Ecrit par Fred Ricou le 19.03.2019

D’un point de vue gastronomique, certains pays ont rapidement conquis Paris et le reste de la France. Ainsi, si depuis les années 70-80, les restaurant chinois ou japonais sont rapidement arrivés à prendre une place dans les sorties, certains pays sont longtemps restés à la traîne. Peut-être font-ils moins rêver dans l’imaginaire collectif ? Possible. Les Balkans ne se résument pas qu’à une actualité pas toujours très drôle, la gastronomie y est pourtant délicieuse … 

 
Ibrik Kitchen - Photo Pierre Lucet Penato

On se fait un Italien, ce soir ? Un Japonais ? Un Indien ? Oui ! Bien évidemment que oui ! On connaît ces cuisines, on les connaît même parfois si bien que l’on va essayer de refaire les plats à la maison. La France fait partie des pays où la gastronomie est la plus riche, à la fois pour son histoire personnelle, mais également pour ses différentes migrations qui ont apporté souvent du renouveau dans les spécialités locales. Si une partie de la gastronomie du Nord de la France est librement inspirée de celle de la Belgique et du Royaume-Uni, la cuisine du Sud de la France est, quant à elle, en droite ligne de ce que l’on peut trouver dans le fameux bassin méditerranéen. 

De manière un peu plus importante, la cuisine des Balkans est elle aussi, à sa manière, une cuisine d’influences. Officiellement, est dit « Balkans » l’Albanie, la Bosnie-Herzégovine, la Bulgarie, le Kosovo, la Macédoine du Nord, le Monténégro et la Grèce, maintenant et en moindre mesure, la Croatie (les régions de la Dalmatie et de l’Istrie), la province du Trieste en Italie, la Serbie (au sud du Danube), le sud de la Slovénie, la région de la Dobrogée en Roumanie, ainsi que la partie européenne de la Turquie (On dit merci qui ? Merci Wiki ! ). Quand on a dit cela, on peut déjà esquisser une rapide physionomie de ce que ce peut être la gastronomie des Balkans.
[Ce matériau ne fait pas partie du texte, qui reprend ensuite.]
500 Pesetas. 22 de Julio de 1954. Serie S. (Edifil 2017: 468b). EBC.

Du fait des multiples invasions qui ont jalonné l’Histoire de la région, les brassages culturels et, par conséquent culinaires, ne pouvaient qu’être très présents.
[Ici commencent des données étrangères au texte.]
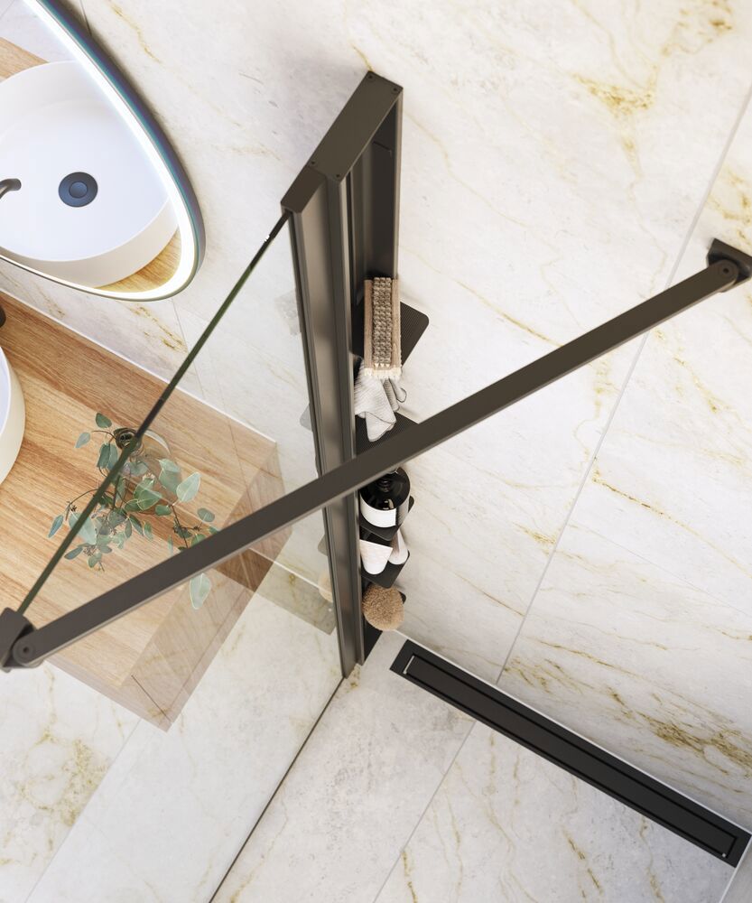 Tower er en innovativ løsning som gir eksepsjonell oppbevaringsplass i dusjen uten at det går på bekostning av estetikken. Tower har 5 flyttbare hyller som er perfekte for å organisere produktene du trenger i dusjen. Velg en dør eller vegg som er 10 cm smalere for å få plass til Tower hyllen. De praktiske knaggene gir deg mulighet til å henge en svamp, en børste eller andre småting rett for hånden.Tower er den ideelle løsningen for deg som ønsker å optimalisere plassen i dusjen uten å gå på kompromiss med stil og funksjonalitet.

Récemment, pour changer un peu des restaurants folkloriques autour des Balkans, un nouveau lieu vient d’ouvrir pour donner une autre place à cette gastronomie, Ibrik Kitchen. Sa créatrice, Ecaterina Paraschiv, apporte un kosava nouveau, le vent typique des Balkans, sur l’offre culinaire parisienne très loin des quelques restaurants qui proposent, décor kitch, accordéons et autres photos en noir et blanc de charrettes tirées par des chevaux anguleux. 

Après Ibrik Café, un coffee shop, qu’elle crée en mars 2017, en hommage à sa grand-mère « une faiseuse d’Ibrik » ce café moulu très fin que l’on sert dans les Balkans, elle prend la décision de continuer l’hommage en « travaillant sur les souvenirs de son enfance » en voyant plus grand : « Quand on a vu que la cuisine des Balkans pouvait marcher, on s’est dit, on y va ! J’allais pouvoir assumer un peu plus mes origines, chose que je ne faisais pas entièrement jusque-là. J’avais peur que les gens ne comprennent pas le concept …» 

Née en Roumanie, elle arrive en France un an après son père, avec sa mère en 1987. Réfugié politique, le père d’Ecaterina est artiste plasticien (il est venu chercher un prix en France qui lui a permis ainsi d’obtenir son visa). Fasciné par ce nouveau pays « où il y a de la couleur ! », c’est le choc pour cet artiste de voir qu’il y a même de la couleur dans les poubelles …

Plus tard, vers ses 14 ans, Ecaterina y retournera plusieurs fois « pour comprendre d’où je viens … » et là, c’est la découverte d’un pays un peu plus « bordélique » qu’en France, mais aussi la surprise dans les goûts « Un vrai concombre, une vraie tomate, de la viande goûteuse, des fromages faits par des bergers … » Tous ces produits qui étaient déjà en France mais de moindre qualité. Là où la France travaillait depuis de nombreuses années des quantités industrielles avec des produits plus ou moins dangereux, la Roumanie, trop pauvre pour en acheter, faisait une sorte de bio sans savoir que cela en était. 

90% des produits d’Ibrik Kitchen viennent de Roumanie : « C’est un gars qui fait des allers-retours entre la France et la Roumanie, avec son petit camion, qui apporte les produits des Balkans pour les gens des Balkans, en France » ainsi les délicieux petits beignets, les papa-nashi "#beignetsdamour", que l’on trouve en dessert n’auraient absolument pas le même goût si les produits étaient français.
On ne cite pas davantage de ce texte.